Xah Lee, 2010-05-24
This page discuss some issues about what characters should be percent encoded in URL, and how different browsers behave.
Some test on browser's behavior on URL encoding/decoding. Apparently, some browsers automatically decode parts of the percent encoding.
Copy this line:
http://en.wikipedia.org/wiki/St._Jerome_in_His_Study_(Dürer)
then go to browser, open a new tab or window, paste the line into the URL field, then Enter to load the page.
Then, select URL field and copy the URL. Then, paste in a text editor. Here are the results (on Windows browsers):
• Google Chrome http://en.wikipedia.org/wiki/St._Jerome_in_His_Study_(D%C3%BCrer) • Safari http://en.wikipedia.org/wiki/St._Jerome_in_His_Study_(Dürer) • Firefox http://en.wikipedia.org/wiki/St._Jerome_in_His_Study_%28D%C3%BCrer%29 • Opera http://en.wikipedia.org/wiki/St._Jerome_in_His_Study_(Dürer) • IE http://en.wikipedia.org/wiki/St._Jerome_in_His_Study_(Dürer)

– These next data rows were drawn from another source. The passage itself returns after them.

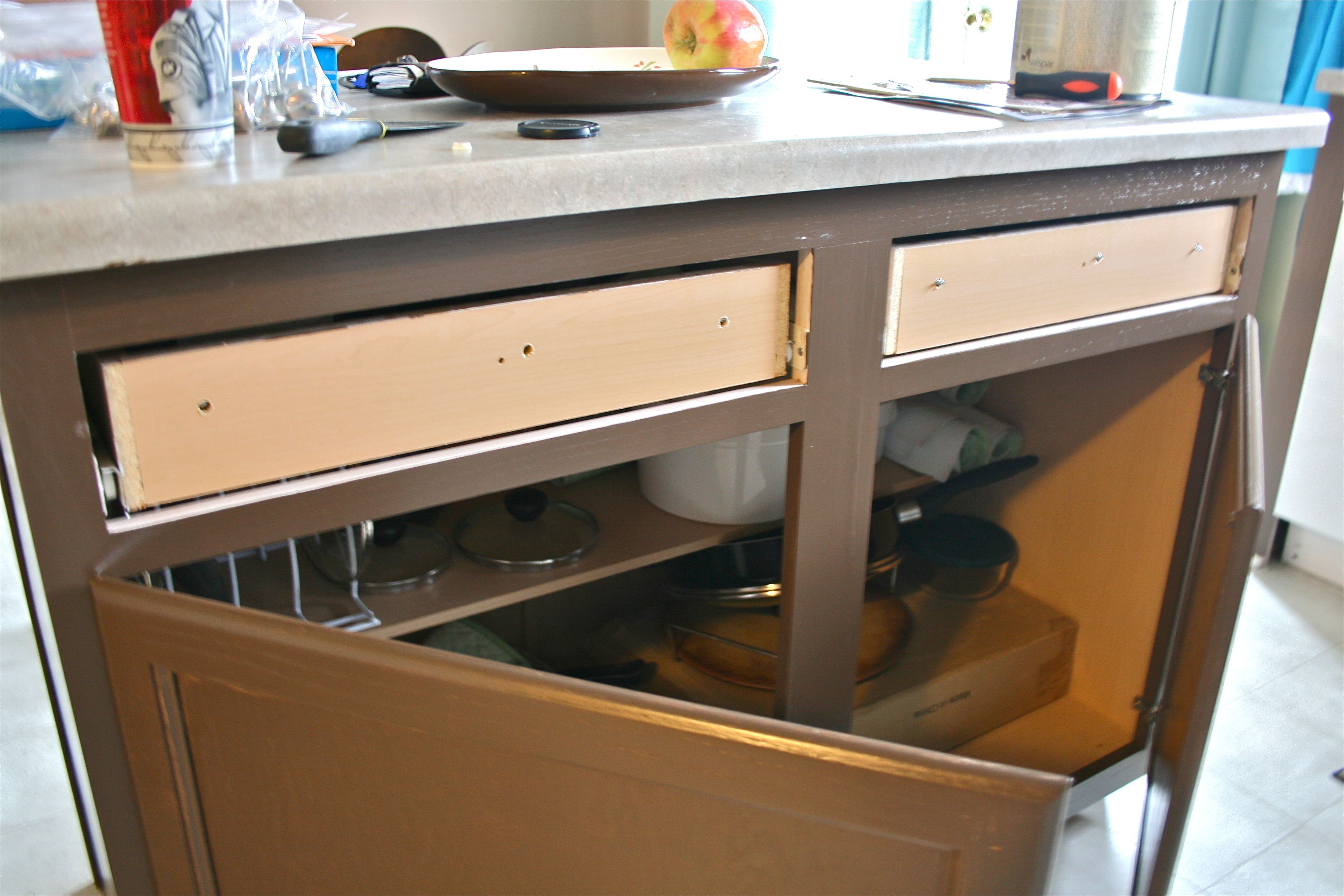 See you back here on Wednesday for an earlier-than-planned reveal, complete with new hardware installed, a crafty and inexpensive alternative to fabric window curtains and a little problem-solving where the drawers are concerned.
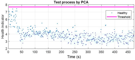 Anomaly detection results when the machine runs under healthy conditions based on the PCA and SAE methods.
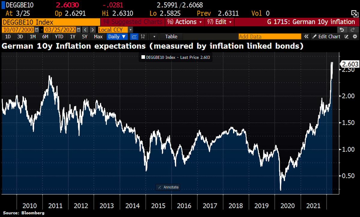 #Germany where inflation expectations keep rising. German 10y inflation expectations measured by linkers hit fresh ATH at 2.64% this week. New inflation figures are due next week, which could show a 7 before the decimal point. pic.twitter.com/22VOhqb5DM
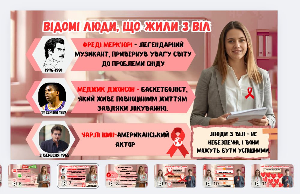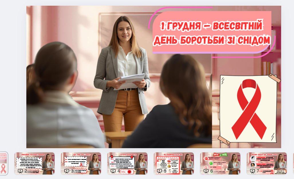 Матеріал охоплює ключові факти про ВІЛ та СНІД, шляхи передачі й методи профілактики, сучасні міфи та їх спростування, статистику, важливість толерантного ставлення до людей, які живуть з ВІЛ, а також практичні поради для учнів. Презентація розроблена у доступній для школярів формі та може бути використана для проведення класної години або виховного заходу
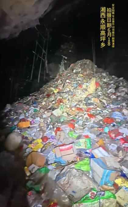 6月18日,有博主发布视频称,湖南湘西永顺县高坪乡境内一处溶洞内遍布垃圾,并且已经形成了目测15米高的“垃圾山”,地下水疑似遭到了污染。该博主此前曾曝光张家界市慈利县溶洞垃圾事件。
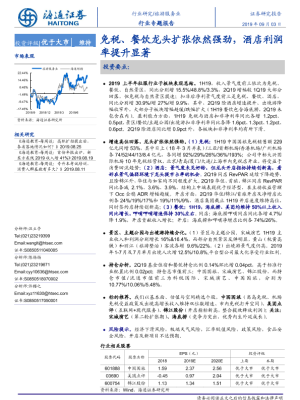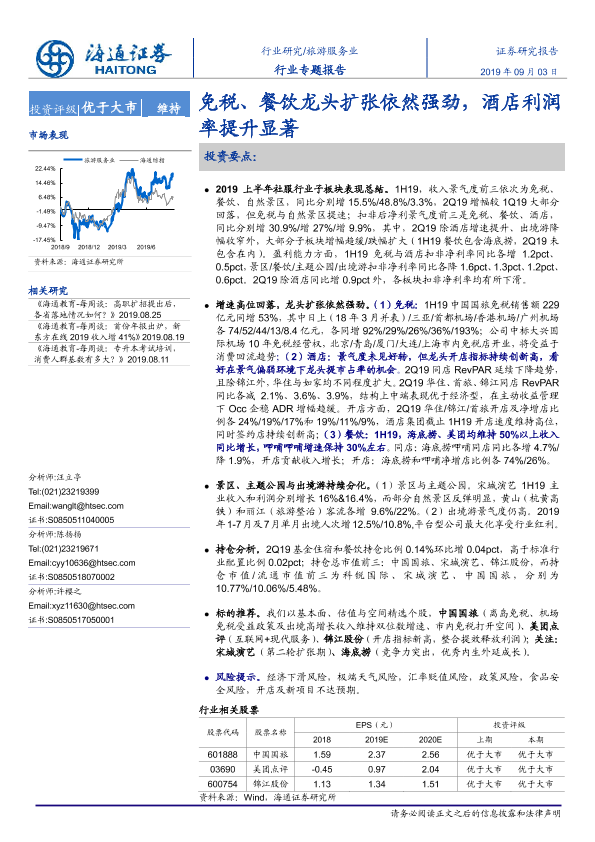 【海通证券】【20190903】旅游服务业行业专题报告:免税、餐饮龙头扩张依然强劲,酒店利润率提升显著-20页

Now, try again, starting with this line:
http://en.wikipedia.org/wiki/St._Jerome_in_His_Study_%28D%C3%BCrer%29
• Google Chrome http://en.wikipedia.org/wiki/St._Jerome_in_His_Study_(D%C3%BCrer) • Safari http://en.wikipedia.org/wiki/St._Jerome_in_His_Study_%28Dürer%29 • Firefox http://en.wikipedia.org/wiki/St._Jerome_in_His_Study_%28D%C3%BCrer%29 • Opera http://en.wikipedia.org/wiki/St._Jerome_in_His_Study_(Dürer) • IE http://en.wikipedia.org/wiki/St._Jerome_in_His_Study_%28D%C3%BCrer%29
Another example. Start with:
http://en.wikipedia.org/wiki/Sylvester%E2%80%93Gallai_theorem
• Google Chrome http://en.wikipedia.org/wiki/Sylvester%E2%80%93Gallai_theorem • Safari http://en.wikipedia.org/wiki/Sylvester–Gallai_theorem • Firefox http://en.wikipedia.org/wiki/Sylvester%E2%80%93Gallai_theorem • Opera http://en.wikipedia.org/wiki/Sylvester–Gallai_theorem • IE http://en.wikipedia.org/wiki/Sylvester%E2%80%93Gallai_theorem
All results are on Windows Vista, using latest public released version of the browsers as of 2010-05-24.
Here's some summary of the behavior as it appears from above tests:
Is there emacs lisp function that decode the URL percent encoding? e.g.
http://en.wikipedia.org/wiki/Sylvester%E2%80%93Gallai_theorem
should become
http://en.wikipedia.org/wiki/Sylvester–Gallai_theorem
That's a EN DASH (unicode 8211, #o20023, #x2013).
I know there's a
(require 'gnus-util) (gnus-url-unhex-string …)
but that just unhex, and generates gibberish if the URL contains Unicode chars.
some study shows that the %E2%80%93 are hexadecimals E2 80 93, and is the byte sequence of the en dash char by utf-8 encoding.
So, i guess i could parse the URL then interpret the %x string as utf-8 hex bytes then turn them back to Unicode chars. Any idea if there's built in function that helps this?
Some discussion and temp solutions at:
Reported to FSF: bug#6252.
From the above discussions, you can see that it does not seem clear what character should be percent encoded. In fact, different browsers have different behavior.